** Opening LISTED ENTRIES block **
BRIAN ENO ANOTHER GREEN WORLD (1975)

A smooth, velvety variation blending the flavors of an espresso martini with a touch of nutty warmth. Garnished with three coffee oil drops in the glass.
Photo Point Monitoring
** Closing LISTED ENTRIES block **
** Opening LISTED ENTRIES block **
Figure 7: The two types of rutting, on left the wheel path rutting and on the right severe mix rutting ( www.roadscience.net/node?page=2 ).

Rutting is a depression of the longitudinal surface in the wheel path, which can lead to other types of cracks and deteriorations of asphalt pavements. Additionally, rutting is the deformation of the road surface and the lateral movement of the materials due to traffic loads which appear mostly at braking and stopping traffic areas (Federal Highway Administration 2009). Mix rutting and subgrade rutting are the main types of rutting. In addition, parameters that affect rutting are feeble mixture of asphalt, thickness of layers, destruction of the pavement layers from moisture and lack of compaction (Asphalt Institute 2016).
** Closing LISTED ENTRIES block **
§ ACTION ITEM:
Would you please copy, word for word, everything above from the line containing "BRIAN ENO ANOTHER GREEN WORLD (1975)" down to the line containing "Photo Point Monitoring", those two lines included?

§ RESPONSE BOX:
BRIAN ENO ANOTHER GREEN WORLD (1975)

A smooth, velvety variation blending the flavors of an espresso martini with a touch of nutty warmth. Garnished with three coffee oil drops in the glass.
Photo Point Monitoring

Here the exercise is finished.